An offshoot a rich family, the new Earl and Countess of Ellesmere (formerly, Elsie & Perce Spender) arrive at Chetton Hall following the deaths of the two previous Earls. But Elsie and Perce don't like the massive and drafty (draughty) stone pile. They want to go home to Clapham. They instruct their man of affairs to sell the lot and they'll distribute the proceeds among their 3 children.

Mr. Lilywaite, though, is a traditionalist. He tries to persuade the Earl and Countess of their responsibilities: to the family; to Engand; to the law of primogeniture.

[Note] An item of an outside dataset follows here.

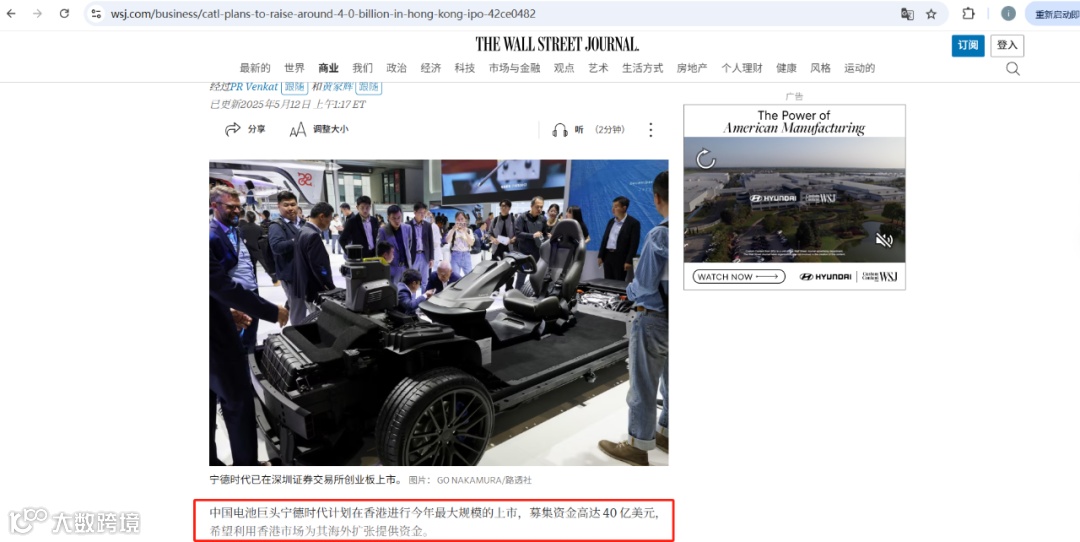 图源:华尔街日报招股书显示,本次募资所得将有90%用于支持宁德时代匈牙利工厂的一期和二期建设,进一步加强在欧洲市场的本地化产能布局,巩固其在全球新能源供应链中的领导地位。
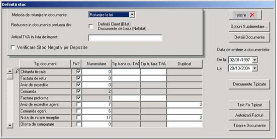In acest ecran se vor defini setari referitoare la rotunjirea sumelor pe documente, formatele tipizate pentru facturi si alte documente, numerotarea acestora si alte setari legate de gestiune.

While sorting out the affairs of the estate, Perce and Elsie's children arrive to celebrate the Earl's 60th birthday. The children are divided on what is to be done. Phil, the eldest and new Lord Portsea, has three weeks to serve on his sentence, but his harridan wife, Elsie, fighting her corner, sees herself as the next Countess. Trevor, the youngest, is easy, although he does think the house would be a fine setting for his next starring porno role with his girlfriend, Michele. The new Lady Joan and her husband, Digby, are busy calculating what the sale will bring.

Then comes the murder.

Enter the rural, but intelligent, inspector and his, self-effacing, but intelligent, sergeant.

A perfect setting and a perfect vehicle for Robert Barnard's sly humour. Highly recommended.